Tout le monde s’accorde sur les dates des premières conquêtes et implantations islamiques au Maghreb. Ce n’est pas le lieu ici de rappeler qu’au cours des premières invasions, les conquérants arabes se heurtèrent à la résistance héroïque des populations berbères. Contrairement à l’idée répandue, après leur soumission, «l’islamisation» de ces populations prit des décennies, voire des siècles dans certaines régions pour s’accomplir. En outre, par islamisation, il ne faut pas entendre l’accession immédiate de ces nombreuses tribus berbères à la connaissance et la maîtrise du corpus coranique dans toutes ses dimensions théologiques. Majoritairement analphabètes, donc incapables de lire le Coran, elles se contentaient durant des siècles à pratiquer un islam syncrétique, truffé de superstitions, de rites païens encore vivaces. Seule une minorité de lettrés, souvent issue des classes opulentes, et par ailleurs organisée en confréries pour mieux contrôler et soumettre leurs ouailles, pouvait prétendre maîtriser à la lettre le Coran.
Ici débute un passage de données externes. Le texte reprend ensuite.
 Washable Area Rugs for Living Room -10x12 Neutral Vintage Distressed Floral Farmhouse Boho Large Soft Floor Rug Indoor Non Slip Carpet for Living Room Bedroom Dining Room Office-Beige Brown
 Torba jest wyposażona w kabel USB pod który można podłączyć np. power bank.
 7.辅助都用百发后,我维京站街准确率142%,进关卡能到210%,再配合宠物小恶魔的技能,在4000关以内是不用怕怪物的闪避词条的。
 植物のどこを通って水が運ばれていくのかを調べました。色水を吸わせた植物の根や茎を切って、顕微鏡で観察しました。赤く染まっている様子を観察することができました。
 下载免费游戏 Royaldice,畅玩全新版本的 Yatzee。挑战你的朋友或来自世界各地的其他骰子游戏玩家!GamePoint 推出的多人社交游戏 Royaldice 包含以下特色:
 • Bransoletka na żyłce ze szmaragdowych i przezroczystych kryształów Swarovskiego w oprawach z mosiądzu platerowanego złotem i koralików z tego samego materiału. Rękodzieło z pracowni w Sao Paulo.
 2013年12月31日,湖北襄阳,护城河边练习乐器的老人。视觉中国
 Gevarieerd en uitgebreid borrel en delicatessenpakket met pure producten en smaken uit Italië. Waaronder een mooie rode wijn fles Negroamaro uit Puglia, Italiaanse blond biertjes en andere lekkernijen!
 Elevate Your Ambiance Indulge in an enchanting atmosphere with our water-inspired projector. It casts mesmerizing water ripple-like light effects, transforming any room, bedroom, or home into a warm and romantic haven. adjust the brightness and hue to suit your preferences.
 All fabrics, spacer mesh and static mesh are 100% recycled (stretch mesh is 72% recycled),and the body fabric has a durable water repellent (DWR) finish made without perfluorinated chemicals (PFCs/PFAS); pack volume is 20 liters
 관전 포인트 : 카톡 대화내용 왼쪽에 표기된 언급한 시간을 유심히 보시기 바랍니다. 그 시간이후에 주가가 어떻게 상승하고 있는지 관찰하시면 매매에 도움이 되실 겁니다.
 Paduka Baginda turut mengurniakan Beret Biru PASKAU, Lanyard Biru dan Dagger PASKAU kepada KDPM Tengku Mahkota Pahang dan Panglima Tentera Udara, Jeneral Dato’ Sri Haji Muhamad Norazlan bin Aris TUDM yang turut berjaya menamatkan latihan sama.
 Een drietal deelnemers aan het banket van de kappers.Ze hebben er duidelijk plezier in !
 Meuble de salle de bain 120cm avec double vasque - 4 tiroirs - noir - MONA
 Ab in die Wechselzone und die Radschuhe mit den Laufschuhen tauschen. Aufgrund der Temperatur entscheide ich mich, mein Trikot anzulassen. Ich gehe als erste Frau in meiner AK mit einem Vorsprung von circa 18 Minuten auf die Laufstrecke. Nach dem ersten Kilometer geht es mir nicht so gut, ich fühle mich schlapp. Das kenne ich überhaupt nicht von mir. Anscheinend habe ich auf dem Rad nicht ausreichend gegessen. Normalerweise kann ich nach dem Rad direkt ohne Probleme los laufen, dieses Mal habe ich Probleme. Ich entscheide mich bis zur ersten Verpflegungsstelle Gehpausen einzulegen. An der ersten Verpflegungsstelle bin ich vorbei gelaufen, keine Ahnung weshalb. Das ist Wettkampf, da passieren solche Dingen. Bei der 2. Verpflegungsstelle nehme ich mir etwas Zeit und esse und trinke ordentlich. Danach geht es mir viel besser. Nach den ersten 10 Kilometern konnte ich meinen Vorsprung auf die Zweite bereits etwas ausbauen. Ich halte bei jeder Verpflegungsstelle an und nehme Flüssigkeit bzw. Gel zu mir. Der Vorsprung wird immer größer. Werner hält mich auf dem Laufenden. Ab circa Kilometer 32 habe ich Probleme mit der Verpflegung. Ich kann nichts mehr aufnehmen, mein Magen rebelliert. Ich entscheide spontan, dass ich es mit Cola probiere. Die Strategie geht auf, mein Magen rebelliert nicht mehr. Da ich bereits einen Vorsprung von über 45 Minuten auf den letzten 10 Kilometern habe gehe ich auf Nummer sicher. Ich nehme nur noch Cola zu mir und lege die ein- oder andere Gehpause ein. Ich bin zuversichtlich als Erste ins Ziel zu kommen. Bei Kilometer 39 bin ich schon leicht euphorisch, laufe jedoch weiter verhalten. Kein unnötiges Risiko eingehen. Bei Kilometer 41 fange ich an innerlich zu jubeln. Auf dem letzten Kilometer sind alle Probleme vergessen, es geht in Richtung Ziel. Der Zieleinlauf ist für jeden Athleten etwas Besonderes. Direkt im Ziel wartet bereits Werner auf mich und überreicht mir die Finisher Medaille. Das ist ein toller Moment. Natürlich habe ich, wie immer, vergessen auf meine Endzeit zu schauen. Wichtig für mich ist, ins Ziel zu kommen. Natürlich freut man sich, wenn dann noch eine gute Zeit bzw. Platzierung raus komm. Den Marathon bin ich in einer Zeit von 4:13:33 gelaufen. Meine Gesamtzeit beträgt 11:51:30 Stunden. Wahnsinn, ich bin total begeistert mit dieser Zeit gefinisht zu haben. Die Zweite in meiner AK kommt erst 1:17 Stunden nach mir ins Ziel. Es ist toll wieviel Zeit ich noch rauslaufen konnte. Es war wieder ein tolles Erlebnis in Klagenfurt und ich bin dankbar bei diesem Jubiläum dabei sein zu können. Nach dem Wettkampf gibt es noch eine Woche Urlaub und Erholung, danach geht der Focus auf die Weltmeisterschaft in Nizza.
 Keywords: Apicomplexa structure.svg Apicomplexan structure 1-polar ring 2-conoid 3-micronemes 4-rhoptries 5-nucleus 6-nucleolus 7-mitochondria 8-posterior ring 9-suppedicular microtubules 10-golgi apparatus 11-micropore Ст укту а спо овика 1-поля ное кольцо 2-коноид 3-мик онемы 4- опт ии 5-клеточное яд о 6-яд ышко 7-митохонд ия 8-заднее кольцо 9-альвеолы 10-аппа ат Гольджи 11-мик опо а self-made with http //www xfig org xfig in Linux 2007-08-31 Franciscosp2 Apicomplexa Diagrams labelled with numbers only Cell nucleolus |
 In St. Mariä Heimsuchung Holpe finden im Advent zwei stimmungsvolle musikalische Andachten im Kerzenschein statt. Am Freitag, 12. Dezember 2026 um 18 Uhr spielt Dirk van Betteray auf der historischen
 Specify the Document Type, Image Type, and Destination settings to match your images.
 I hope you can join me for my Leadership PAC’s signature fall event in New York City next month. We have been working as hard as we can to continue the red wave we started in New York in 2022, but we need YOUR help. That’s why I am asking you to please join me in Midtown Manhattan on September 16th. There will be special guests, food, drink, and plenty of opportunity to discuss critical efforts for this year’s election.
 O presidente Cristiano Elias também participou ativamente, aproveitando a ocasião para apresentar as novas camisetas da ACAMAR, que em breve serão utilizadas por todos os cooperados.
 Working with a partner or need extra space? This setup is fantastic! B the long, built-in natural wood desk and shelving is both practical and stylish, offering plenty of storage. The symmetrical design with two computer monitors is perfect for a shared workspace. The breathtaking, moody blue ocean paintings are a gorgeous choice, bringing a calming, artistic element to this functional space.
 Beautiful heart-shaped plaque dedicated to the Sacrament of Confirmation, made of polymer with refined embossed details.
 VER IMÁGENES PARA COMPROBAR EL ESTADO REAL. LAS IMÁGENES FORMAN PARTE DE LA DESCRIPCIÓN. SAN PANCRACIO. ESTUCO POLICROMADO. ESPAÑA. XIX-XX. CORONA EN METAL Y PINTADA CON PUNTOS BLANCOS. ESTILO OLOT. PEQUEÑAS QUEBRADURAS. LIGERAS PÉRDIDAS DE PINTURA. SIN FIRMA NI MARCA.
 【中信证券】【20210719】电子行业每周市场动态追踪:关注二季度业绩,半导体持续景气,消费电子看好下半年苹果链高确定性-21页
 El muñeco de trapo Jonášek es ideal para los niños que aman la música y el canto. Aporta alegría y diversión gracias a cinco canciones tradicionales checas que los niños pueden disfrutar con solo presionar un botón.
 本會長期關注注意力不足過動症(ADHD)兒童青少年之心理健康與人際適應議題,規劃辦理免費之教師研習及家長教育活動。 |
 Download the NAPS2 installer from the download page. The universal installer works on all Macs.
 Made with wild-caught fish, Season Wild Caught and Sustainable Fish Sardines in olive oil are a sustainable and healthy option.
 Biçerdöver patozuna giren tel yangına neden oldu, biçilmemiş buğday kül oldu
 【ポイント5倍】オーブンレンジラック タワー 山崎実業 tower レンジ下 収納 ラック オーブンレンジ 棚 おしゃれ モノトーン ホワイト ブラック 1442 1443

La majorité des autres musulmans n’avaient accès qu’à l’esprit du Coran diffusé verbalement par les imams. Ainsi, dépourvue de connaissances scripturales du corpus coranique et des dogmes théologiques, la majorité de ces populations s’adonnait à une pratique de la religion musulmane sur un registre globalement traditionnel. Sur un mode de transmission purement orale, réduite à sa plus simple expression dans l’accomplissement des rites et l’observance du culte musulman. La pratique de l’islam de ses populations analphabètes se résumait en l’observance du jeûne, de la prière, mais avec une connaissance rudimentaire des sourates.
Toutes ces dévotions musulmanes étaient souvent assaisonnées de superstitions et de cultes païens, dans certaines tribus. Ce syncrétisme était très répandu. On peut relever à ce stade de l’étude que la pratique de l’islam, parmi la majorité de ces populations paysannes analphabètes, se fondait sur une dimension traditionnelle transmise oralement de génération en génération durant des siècles. Elle ne reposait pas sur un enseignement magistral dispensé dans les écoles, souvent inexistantes. Quand bien même certaines villes disposaient de quelques écoles coraniques, elles étaient inaccessibles à la majorité des populations paysannes pauvres et analphabètes, occupées aux labeurs quotidiens pour subvenir à leurs besoins vitaux. Seuls certains enfants citadins issus de familles fortunées pouvaient s’inscrire dans ces écoles et acquérir ainsi la maîtrise de la langue arabe, et par voie de conséquence lire le Coran.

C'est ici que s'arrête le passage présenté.